Both the Cubs' and White Sox's local cable ratings at the All-Star
break are in the bottom five of the 29 U.S.-based teams, according to a
Sports Business Journal study of Nielsen ratings for regional sports
networks.
The last-place Cubs rank No. 25 with a 1.48 average rating, that's
down 7 percent from this point last season and 8 percent overall. The White Sox rating is up 16 percent
from this point last season and 24 percent from last year's final
numbers, but that's only good enough for a 1.39 rating, and only two teams are lower.
Last season, the Cubs ended with a dismal 1.6 rating, while the
White Sox were essentially last with a 1.14. Only Houston, which had
major carriage problems with its RSN, CSN Houston, was lower.
Comcast SportsNet Chicago senior director of communications Jeff
Nuich told ESPN Chicago that Sox ratings are up 30 percent, compared to
2013 final numbers, in the key adults 25-54 demographic. The Cubs are
down 11 percent in that demographic.
The two teams' household averages are stunningly close, 52,000 for
the Cubs and 49,000 for the White Sox, Nos. 21 and 22, respectively, in
baseball.
It's not like everyone's flocking to the ballparks either. The Cubs
are down slightly (179 fans) from this point last season, averaging
32,469 in paid attendance, while the Sox are down around 1,700 fans per
game from this point last season, and are the third-worst draw in
baseball at 20,657.
It didn't use to be this way. In 2009, the year after both teams last made the playoffs,
Cubs' ratings were a hearty 4.18.
Their household average was 145,000, the fourth-highest in baseball.
The White Sox actually had a 2.28 rating with 80,000 households tuned in.
The Cubs are locked into their Comcast partnership through the 2019 season. The local broadcast rights are in flux, with WGN bowing out of both radio and television deals. In a recent Chicago Tribune article, contributor Ed Sherman wrote
that WGN is losing a reported $200,000 per game because of low ratings.
He also reported the Cubs could put those "70 to 75" WGN games on a
multicast channel, a "sub-channel for local over-the-air broadcast
stations," for a few years until they can put all their games on one
branded network.
It is hard to sell any new television partner, let alone advertisers, that the Cubs are a valuable broadcast property when fan and viewer interest is waning dramatically. If one counts the no-shows to the Wrigley attendance figures, the numbers are much worse, down so far approximately 300,000 from stated paid attendance figures at the All-Star Break.
Nielsen, the ratings giant, states that the Chicago media market is third in the nation with 3.95 million viewers. The Cubs are drawing around 1 in 100 viewers. That is not enough to generate a billion dollar megadeal to create a new Cubs channel in 2020. Even if one uses the Dodger demand of $4 per cable subscriber to carry games, a new Cubs channel would only gross $16 million per season or perhaps $320 million over a 20 year contract in the Chicago metro area.
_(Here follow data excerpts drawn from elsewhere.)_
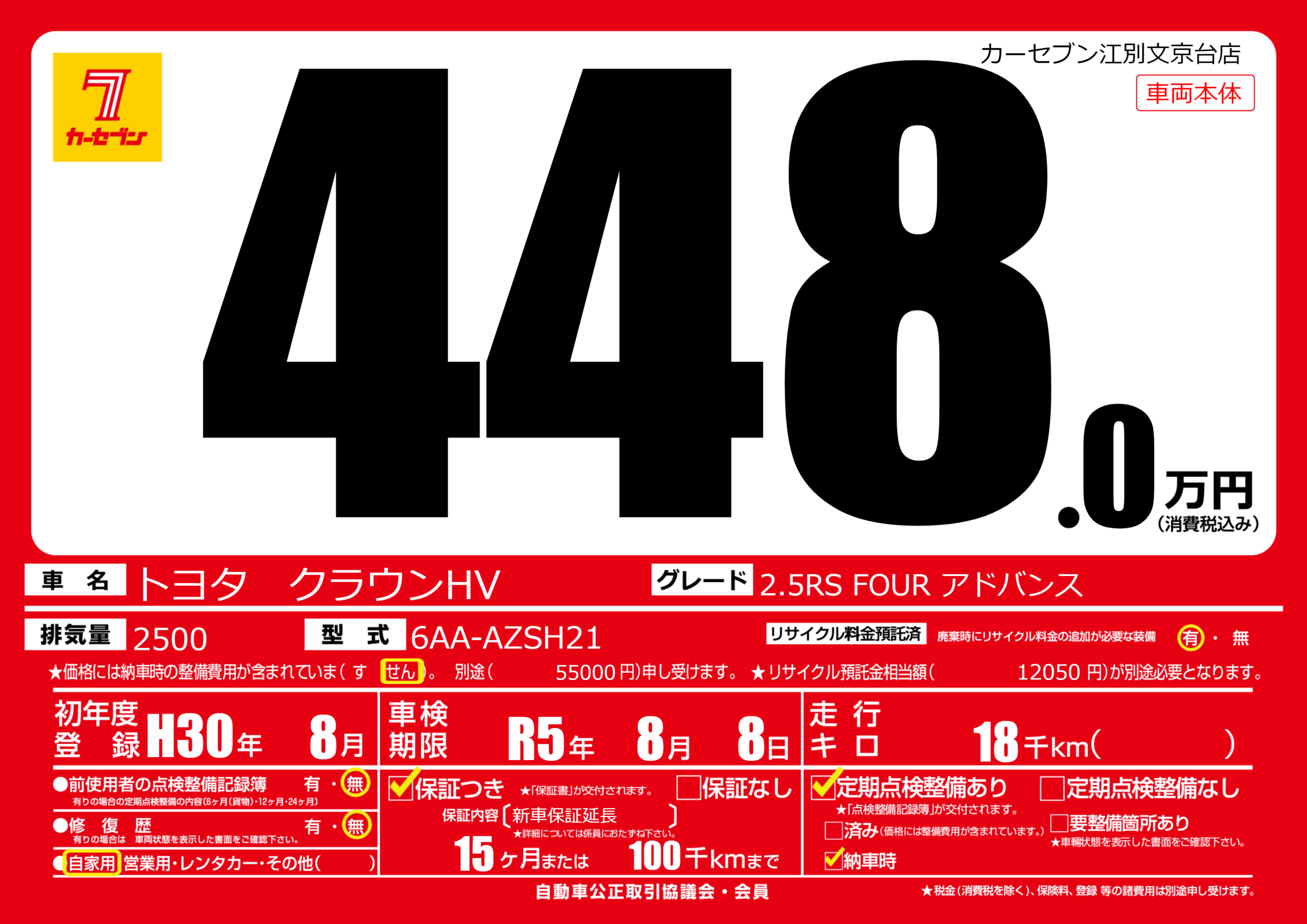 | 車名 | トヨタ クラウンHV | グレード ミッション 排気量 |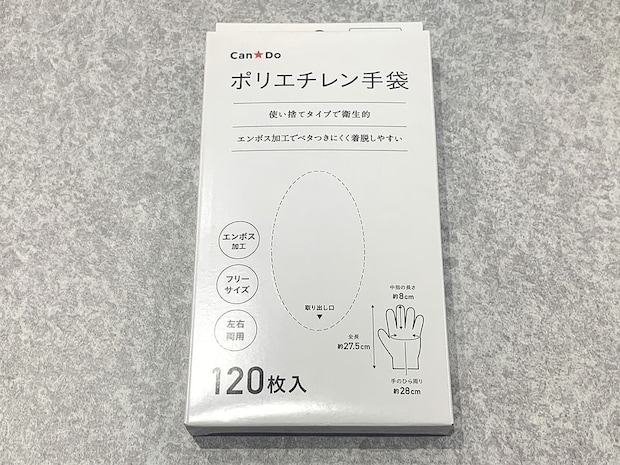 キャンドゥの「ポリエチレン手袋」は、120枚入りで110円という圧倒的なコスパが魅力。1枚1円以下なので、掃除や調理、衛生管理など様々なシーンで惜しみなく使えます。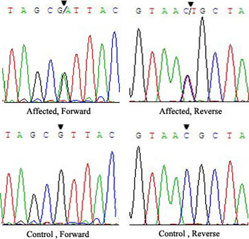 Forward and reverse sequence analysis of the affected and unaffected individuals in this ADCC Chinese family. A heterozygous mutation (c.319G>A) in exon 1 of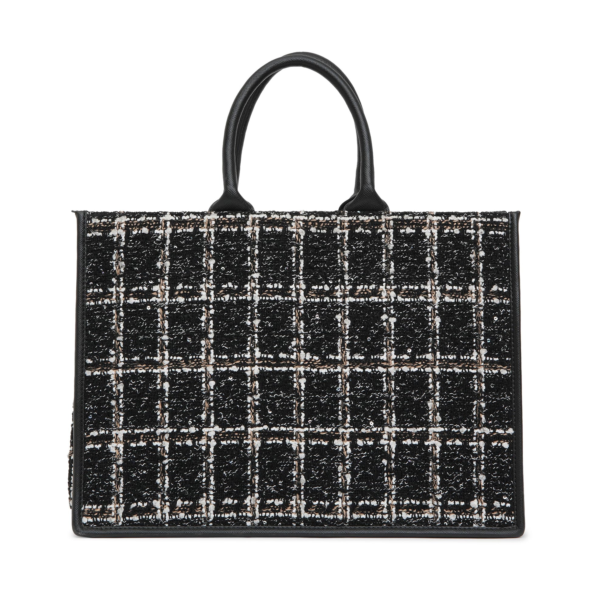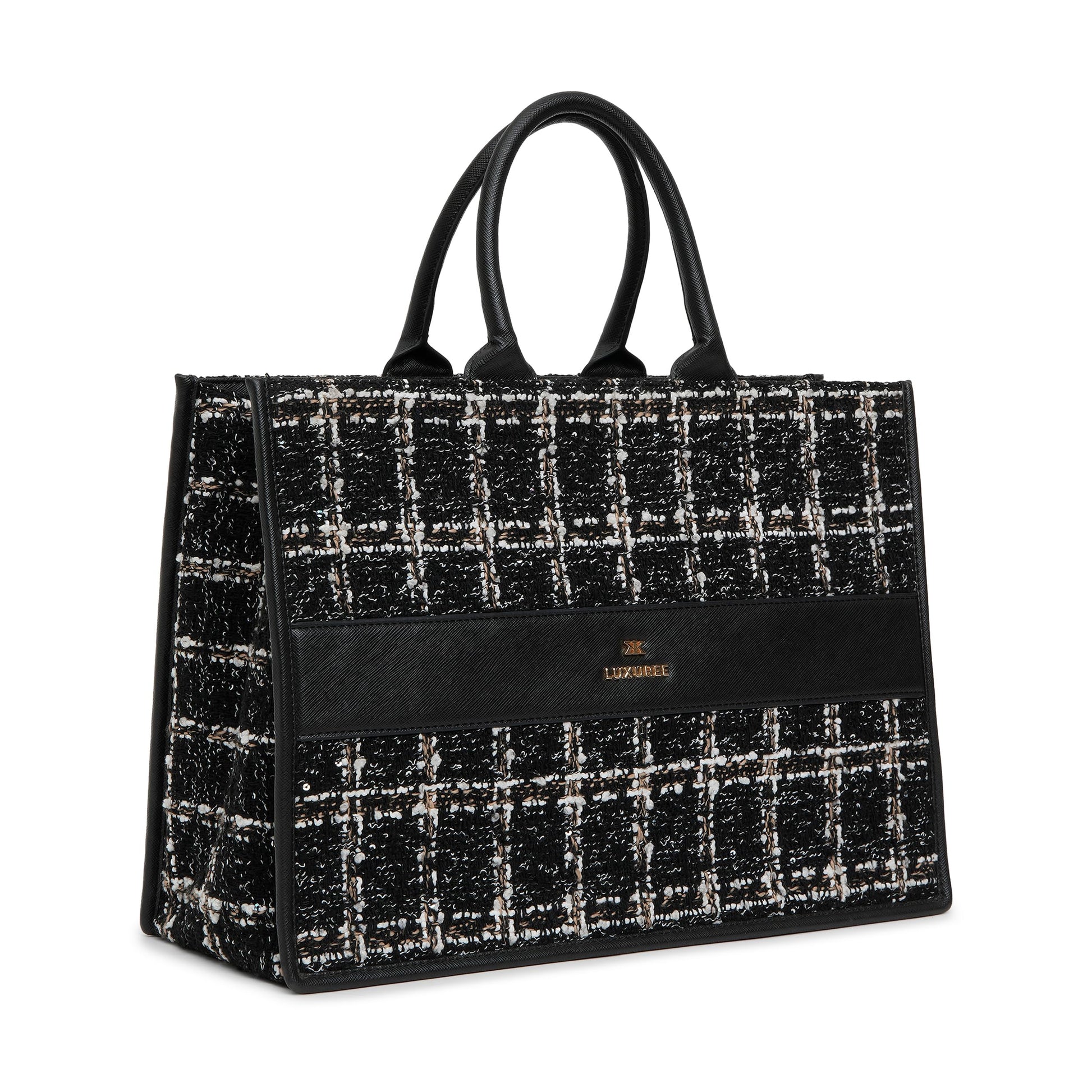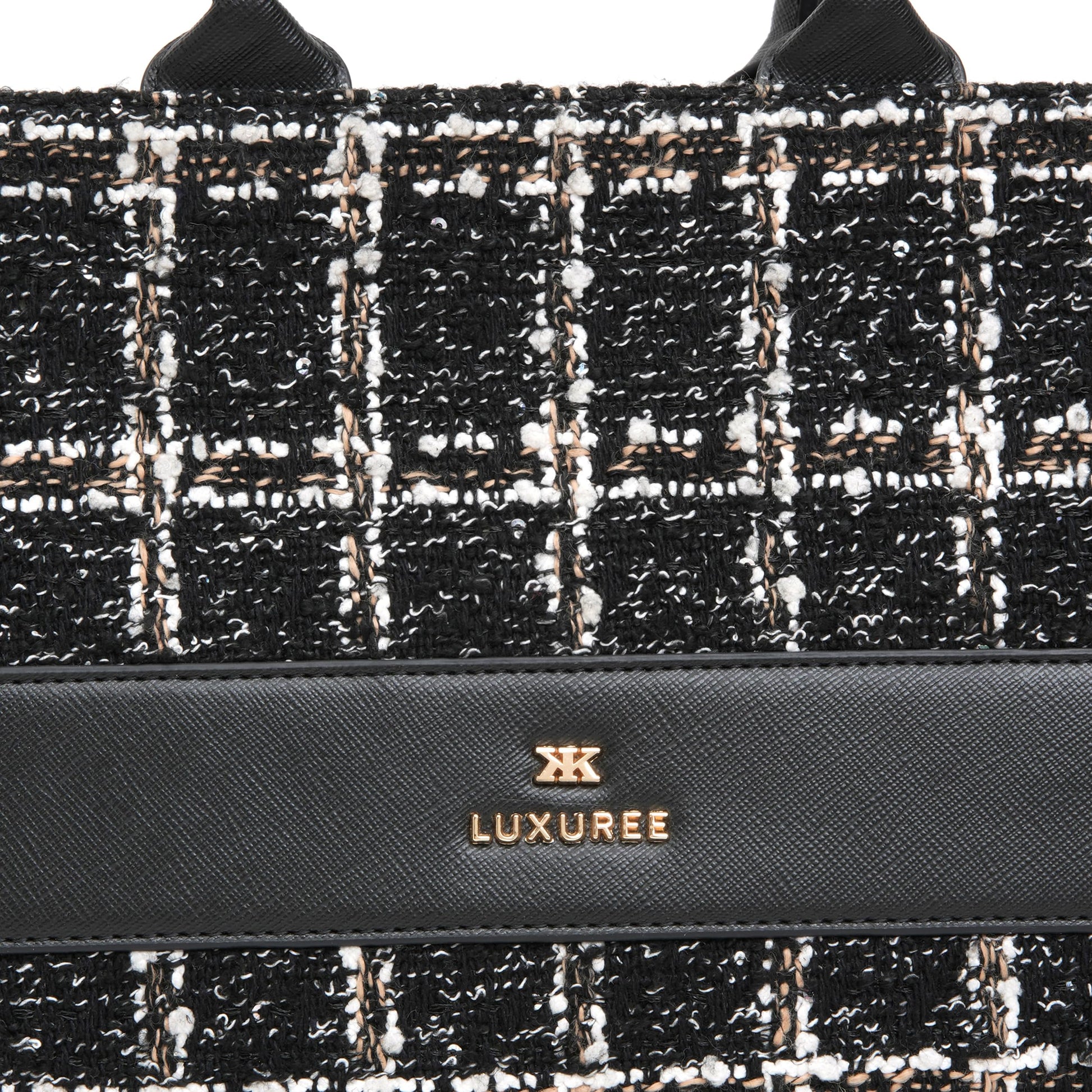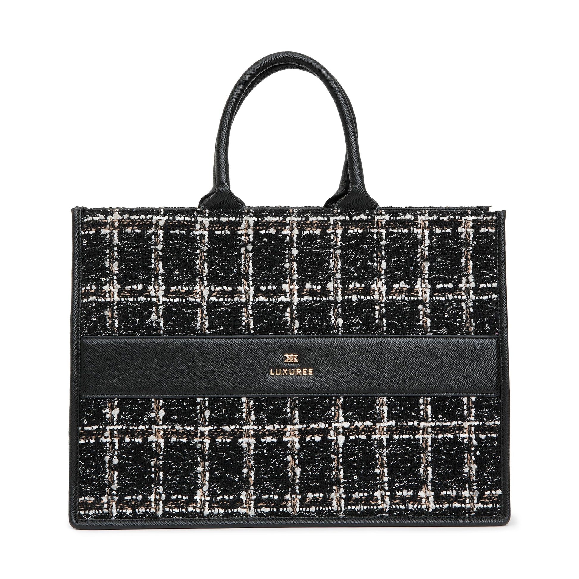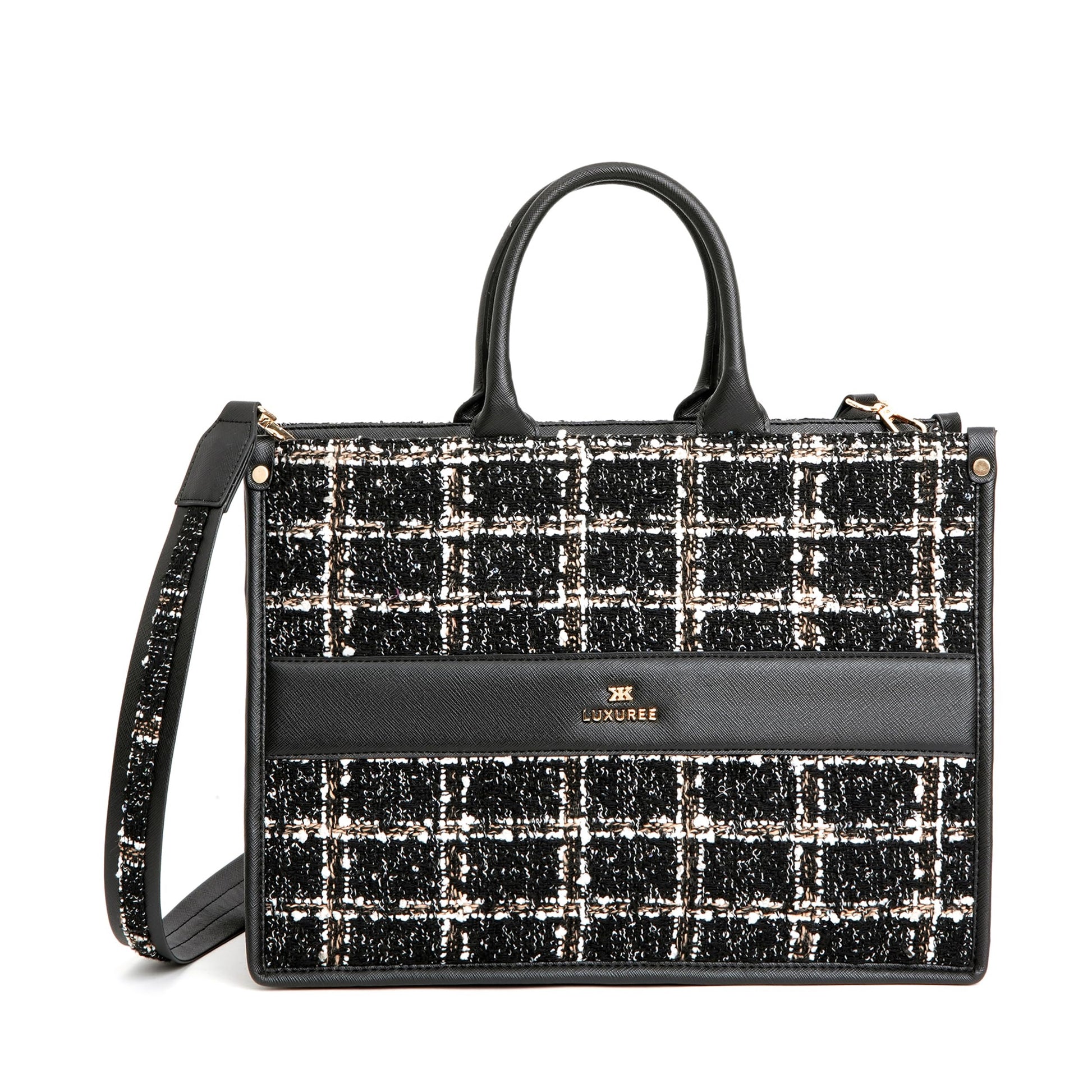 - Material & Design : The KLEIO Tweed Tote Handbag from the Luxuree Collection is made from high-quality vegan leather for lasting durability and luxury. Its sleek design and saffiano texture add a sophisticated touch, perfect for any professional outfit.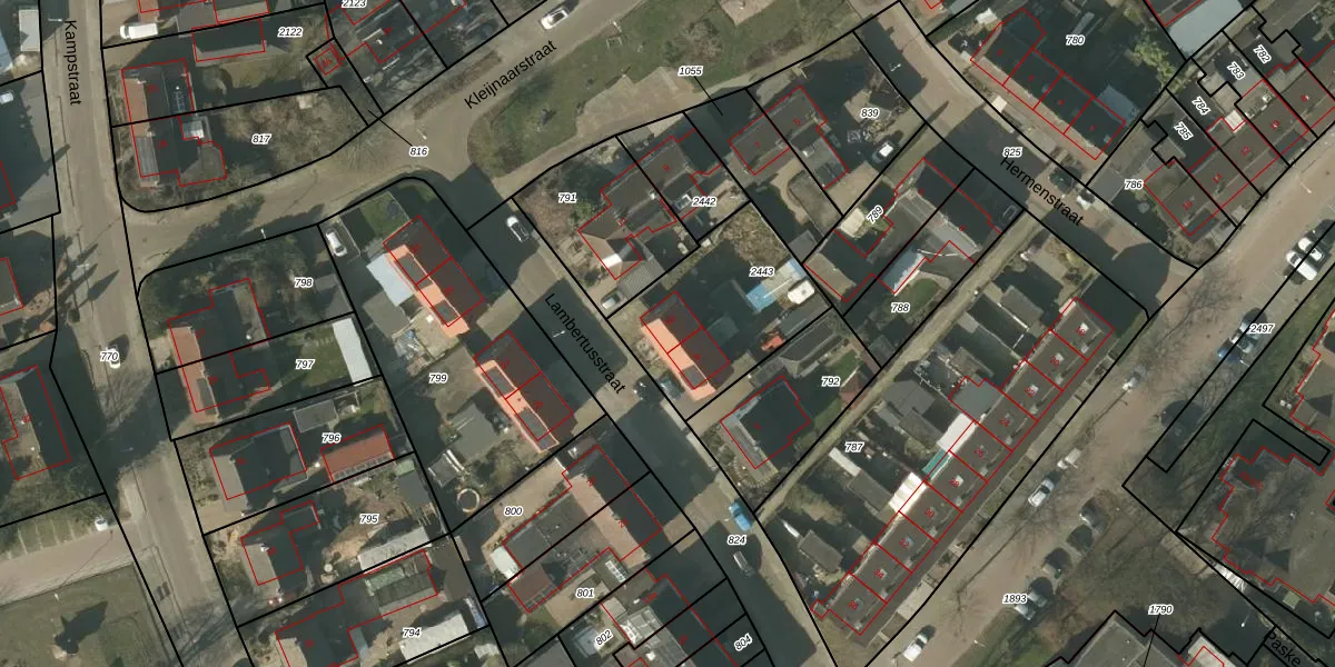 Het perceel waarop Lambertusstraat 10 staat heeft een oppervlakte van 537 m². Dit is een groot perceel. De perceeloppervlakte wordt geregistreerd door het Kadaster. Gedetailleerde informatie over de maten van dit perceel kunt u vinden in het rapport Kadastrale kaart met maatvoering van Lambertusstraat 10.

The baseball rebuild has created a very bad team that is losing attendance at Wrigley Field and turning off fans from watching the Cubs on television. In the past, whether the team was good or bad, fans continued to support the club. But clearly, this has changed. The public's entertainment choices continue to expand and the prospect of the premium pricing to watch losing baseball teams is not to appealing to fans.
The Cubs are entering their own perfect storm. The team may be bad for so long that it permanently turns off their fan base. As a result of lack of interest, and the changing dynamics of entertainment media, the Cubs will not be able to create their own billion dollar a year Cubs channel. Without that huge influx of new money, the Cubs will not be able to spend for quality free agents to make a championship caliber team. The Cubs do not become the current Dodgers, but the current Astros.